The National Post is Canada’s second largest national paper.
Michael Bourque is President of the Railway Association of Canada.
Additional intervention to a sector that is already heavily regulated has the potential to undermine good business practices and successful economic outcomes.
It’s not every day that a group of customers co-author an article in which they claim that their service providers “deliberately” provide poor service. That’s exactly what the heads of three major industry associations–mining, fertilizer and chemical interests–did this week in a commentary on this page. “Railways should serve all customers,” said the headline.
Another modest statement in the commentary was hard to argue with. “Simply, a railway should meet the customer’s needs.” Sure, the customer comes first; the customer is always right and we exist to serve our customers. But let’s unpack what is behind this statement, which has a lot of history in the long historical debate between commercialization and regulation of railways in Canada.

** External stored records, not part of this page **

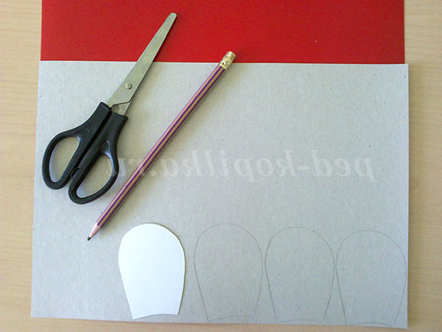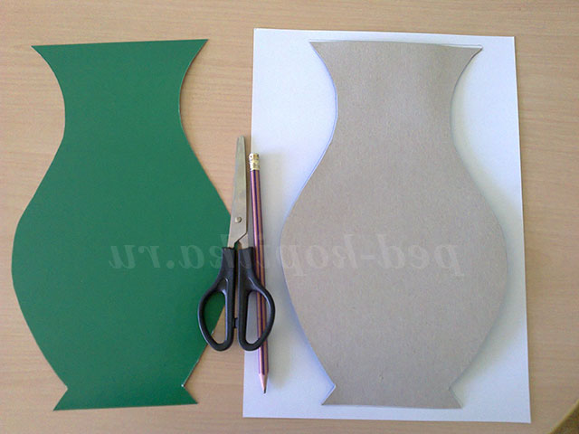 8. На білому і кольоровому картоні обводимо за шаблоном і вирізаємо дві деталі вази, отримані деталі склеюємо по краях, залишаючи отвір у верхній частині вази.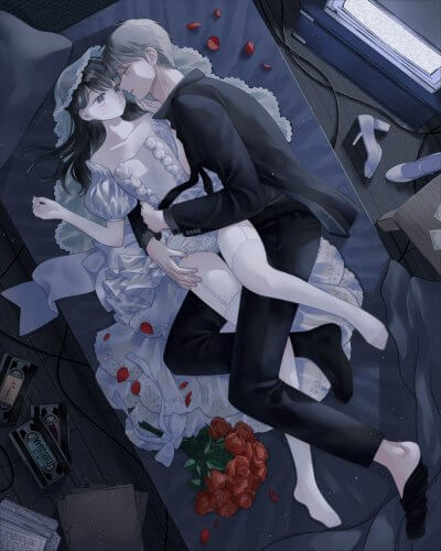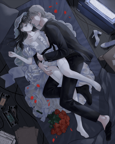 本当はもっとプリンセスなベッドにする予定が、朔の乱雑な部屋にいるほうがエロいことに気づいて方向転換した。朔の服が黒いから背景も暗くすると同化しないか?とか色々と考えて悩んでた。あと、床の木目の方向をベッドに対し並行にするか垂直にするかで悩んだ(この段階では垂直)。目線を誘導するように・・とかいうけど難しい。結果的に並行にしたけど正解を教えてほしい。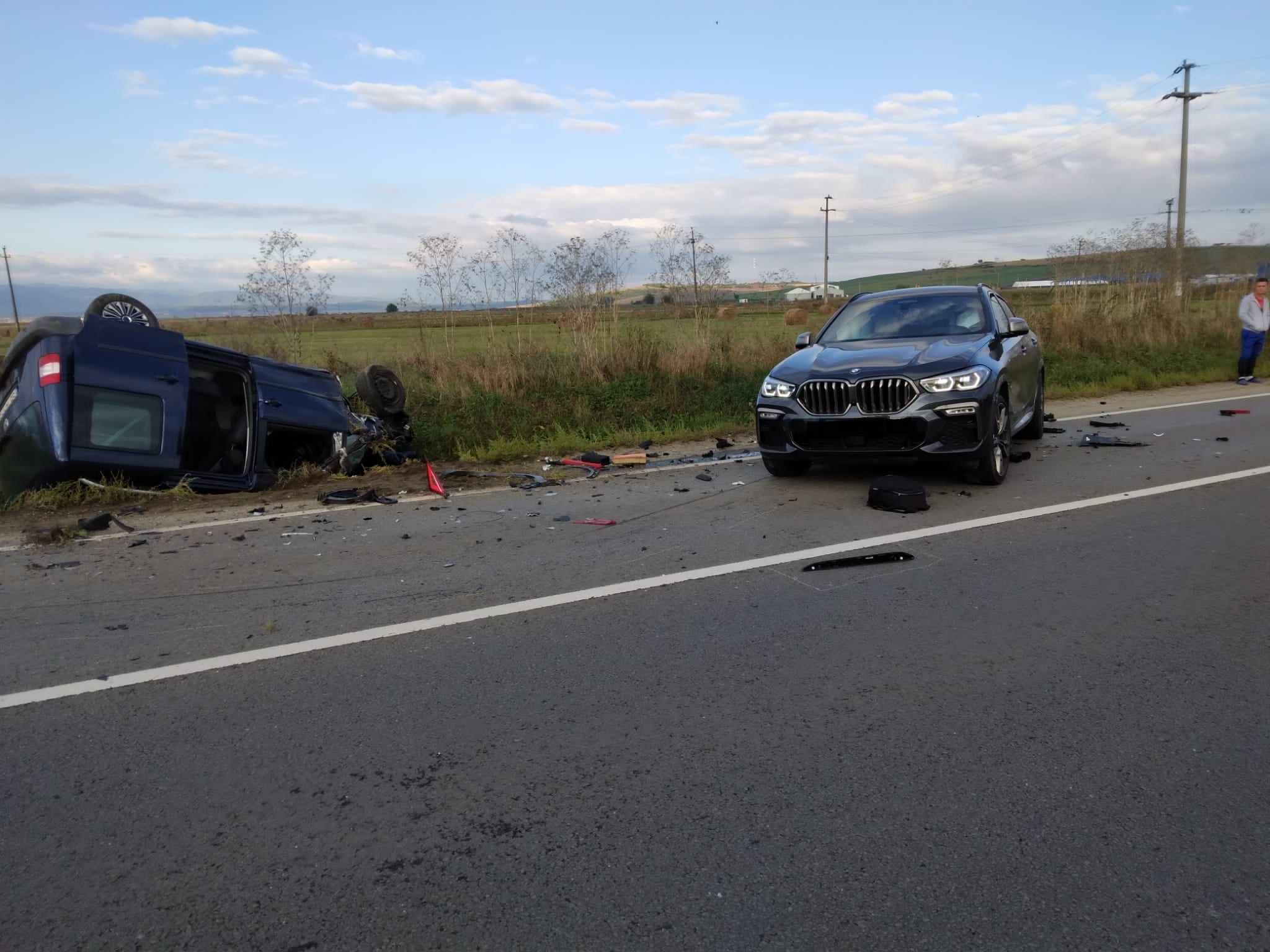 Accident rutier grav la intrarea în Şura Mare, duminică dimineaţa. Un autoturism s-a răsturnat în urma impactului cu o altă maşină, iar unul dintre şoferi a dispărut de la locul accidentului.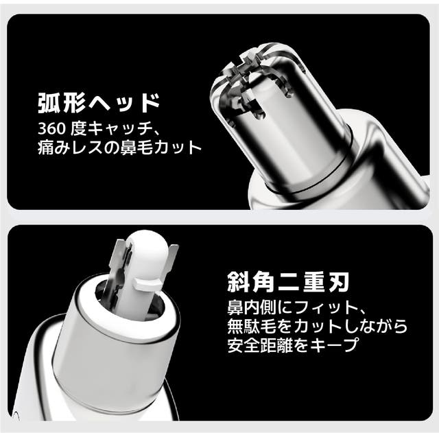 - 弧形のヘッドと斜角二重刃が、鼻腔にフィットし、痛みレス素早くカット。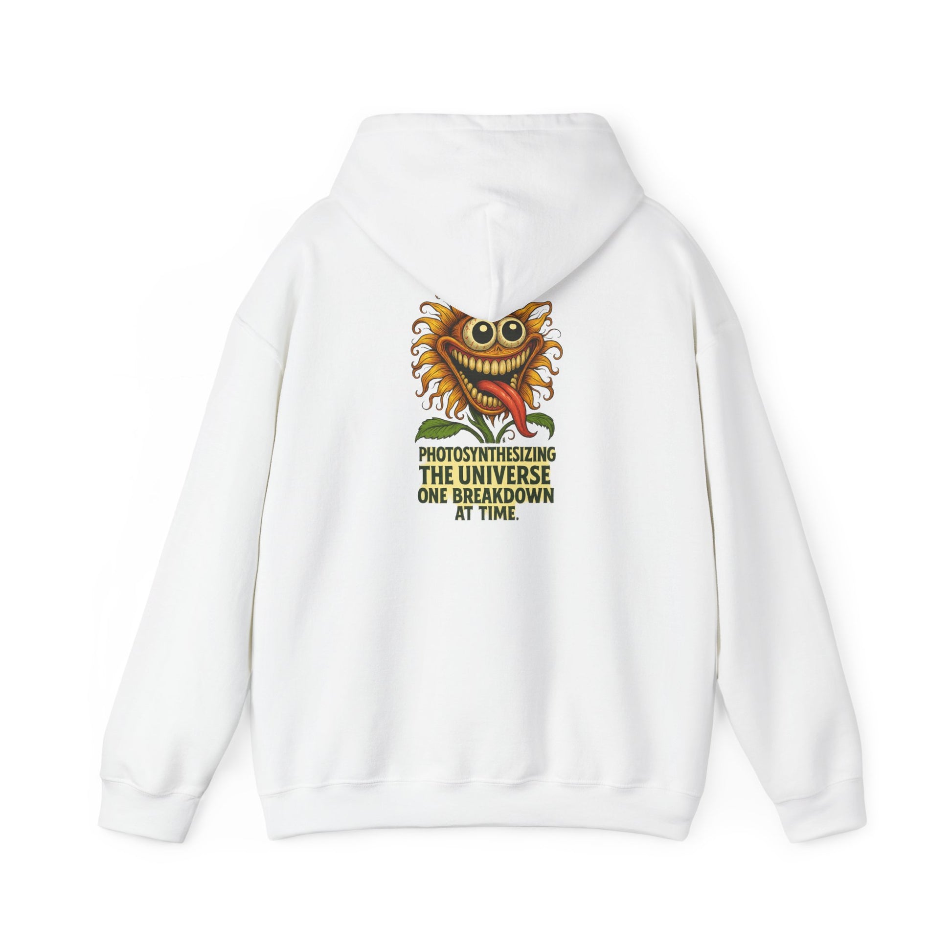 This hoodie features a wide-eyed, frazzled flower trying its damn best to stay rooted while everything burns. For those who are growing, glowing, and totally losing it.

Canada’s railways operate with a view to serving all customer needs. One analogy is that we operate a bus route, where each customer’s needs are met by operating efficiently and in a predictable fashion. If a customer wants their bus to arrive at their door early, then that affects the time it will arrive at everyone else’s door. So, in reality the needs of the customer is paramount, but it can’t be at the expense of another customer: collaboration is key.
A related concept, put forward in the article, was the request to that the government define “suitable and adequate service”. One is struck by the reasonableness of this request. Why not? Again, the answer lies in the fundamental challenge of meeting all customer demands in a network environment. Let’s say legislation is introduced that service must include guarantees for transit times and order details, such as “your train with 34 empty cars will arrive at 8 a.m. on Wednesday”.
But, because another customer doesn’t empty a car and yet another holds up the train while loading, these conditions are not met. In this case, the railroad would be at fault and would presumably pay a penalty. And, because the customer has no obligation to commit to times or volumes, the penalty could not be collected from the offenders- the railroad would have to pay.
The most egregious argument in the mining/fertilizer/chemical arsenal is based on the premise that the number of locomotives or personnel can be linked to service. It is a well-known fact that railroads across North America have reduced the number of locomotives required as efficiency gains have been introduced, such as reducing yards and investing in sidings.